Couldn't agree more! The BEST!
-Mikey


----------



## DUCK (Jul 4, 2007)

My first guitar (and only 1 so far) is a Jay Turser. Got a really good deal on it because someone had cross thread the whammy bar.


----------



## faracaster (Mar 9, 2006)

Here's my first (1957)......Light weight, rare custom graphics, extra wide fingerboard and the strap....oh that strap. Perfect for groovin' and movin' under the Christmas tree. Yep I was a Mouseketeer !!!!! 











Here is a look-a-like of my first real guitar. (1964) My Mom saved up Loblaw Green Stamps (anyone remember those?) and got an identical one to this. Dig the 'burst...
I still have this guitar. No pics though. My Uncle turned it into a clock about 25 years ago










My brother and I started taking lessons at the same time. After about one month of classes, our teacher really recommended us not sharing one guitar. So he just happened to have a cheap used one in the store. It looked like this.......










That one ended up as my guitar vs. the other (sunburst one). But my brother quit lessons after the 2 month period. So then I had my pick of which guitar to play. I guess this owning of several guitars at once came early and honestly to me.

Pete


----------



## simescan (May 15, 2007)

faracaster said:


> Here's my first (1957)......Light weight, rare custom graphics, extra wide fingerboard and the strap....oh that strap. Perfect for groovin' and movin' under the Christmas tree. Yep I was a Mouseketeer !!!!!


Now that's one mean-lookin' axe. Are you still a lefty, Pete???


----------



## david henman (Feb 3, 2006)

Lester B. Flat said:


> I had reservations at first about posting it but decided to let it all hang out. I have gained about 10 lbs. since then and most of that is my LP. Was I cool?.....Yeah, I was cool!



...beyond cool, lester...WAY beyond cool!

-dh


----------



## Spikezone (Feb 2, 2006)

Spikezone said:


> So here it is (the one on the right LOL!)...
> 
> 
> 
> ...


Here's an update...I was in Value Village in Victoria, B.C. yesterday, and behind the counter at the front of the store was a guitar EXACTLY the same as my original beater in pretty well the same condition, but WITH a bridge and strings LOL! I asked the guy how much it was priced at, and he said 79.95-my parents paid 26.95 for mine when it was new way back when!!!! I guess even crappy old guitars can appreciate in value, hey? Should I have bought it for nostalgia's sake? HAHHAH!
-Mikey


----------



## felenoral (Sep 26, 2006)

The first guitar I've ever BOUGHT was a MIJ Ibanez Proline 1770 from 1986.
The first guitar I used to learn off of was my father's acoustic guitar: Samick EW-215B. The action on it is ridiculously high.


----------



## faracaster (Mar 9, 2006)

simescan said:


> Now that's one mean-lookin' axe. Are you still a lefty, Pete???

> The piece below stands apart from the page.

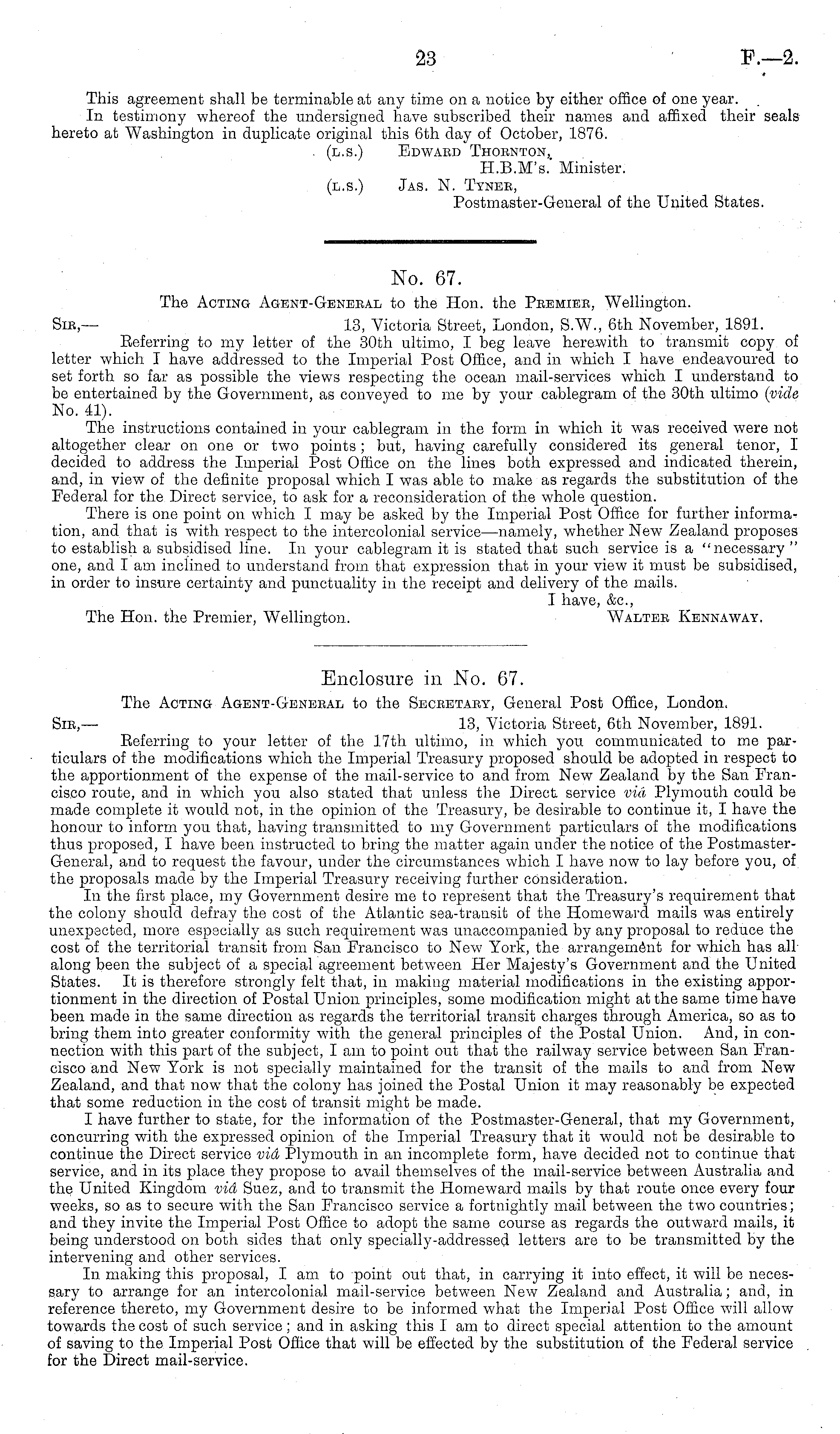 Enclosure in No. 67. The Acting Agent-Geneeal to the Seceetaey, General Post Office, London, Sic, — 13, Victoria Street, 6th November, 1891. Eeferring to your letter of the 17th ultimo, in which you communicated to me particulars of the modifications which the Imperial Treasury proposed should be adopted in respect to the apportionment of the expense of the mail-service to and from New Zealand by the San Francisco route, and in which you also stated that unless the Direct service via Plymouth could be made complete it would not, in the opinion of the Treasury, be desirable to continue it, I have the honour to inform you that, having transmitted to my Government particulars of the modifications thus proposed, I have been instructed to bring the matter again under the notice of the PostmasterGeneral, and to request the favour, under the circumstances which I have now to lay before you, of the proposals made by the Imperial Treasury receiving further consideration. In the first place, my Government desire me to represent that the Treasury's requirement that the colony should defray the cost of the Atlantic sea-transit of the Homeward mails was entirely unexpected, more especially as such requirement was unaccompanied by any proposal to reduce the cost of the territorial transit from San Francisco to New York, the arrangement for which has ailalong been the subject of a special agreement between Her Majesty's Government and the United States. It is therefore strongly felt that, in making material modifications in the existing apportionment in the direction of Postal Union principles, some modification might at the same time have been made in the same direction as regards the territorial transit charges through America, so as to bring them into greater conformity with the general principles of the Postal Union. And, in connection with this part of the subject, I am to point out that the railway service between San Francisco and New York is not specially maintained for the transit of the mails to and from New Zealand, and that now that the colony has joined the Postal Union it may reasonably be expected that some reduction in the cost of transit might be made. I have further to state, for the information of the Postmaster-General, that my Government, concurring with the expressed opinion of the Imperial Treasury that it would not be desirable to continue the Direct service via Plymouth in an incomplete form, have decided not to continue that service, and in its place they propose to avail themselves of the mail-service between Australia and the United Kingdom via Suez, and to transmit the Homeward mails by that route once every four weeks, so as to secure with the San Francisco service a fortnightly mail between the two countries; and they invite the Imperial Post Office to adopt the same course as regards the outward mails, it being understood on both sides that only specially-addressed letters are to be transmitted by the intervening and other services. In making this proposal, I am to point out that, in carrying it into effect, it will be necessary to arrange for an intercolonial mail-service between New Zealand and Australia; and, in reference thereto, my Government desire to be informed what the Imperial Post Office will allow towards the cost of such service; and in asking this I am to direct special attention to the amount of saving to the Imperial Post Office that will be effected by the substitution of the Federal service for the Direct mail-service.

No sadly, I became a righty. Don't know why really. I remember doing everything left when I was really young. My son was/is the same way. Just naturally does everything left, but, then turns it right eventually (except his hockey stick).


----------



## GuitarsCanada (Dec 30, 2005)

Mine was an Aria Pro II that I found in a pawn shop and paid too much for. It's still here somewhere.


----------



## noobcake (Mar 8, 2006)

Well I was dabbling around on one of those $50 classical guitars until I snatched up a Yamaha steel string at a garage sale for $20, it was actually semi decent, the action was pretty high but it played alright and sounded okay. I later gave it away with the purchase of my first electric. I don't really regret giving it away, since it's a good friend of mine that now has it and he still plays it. 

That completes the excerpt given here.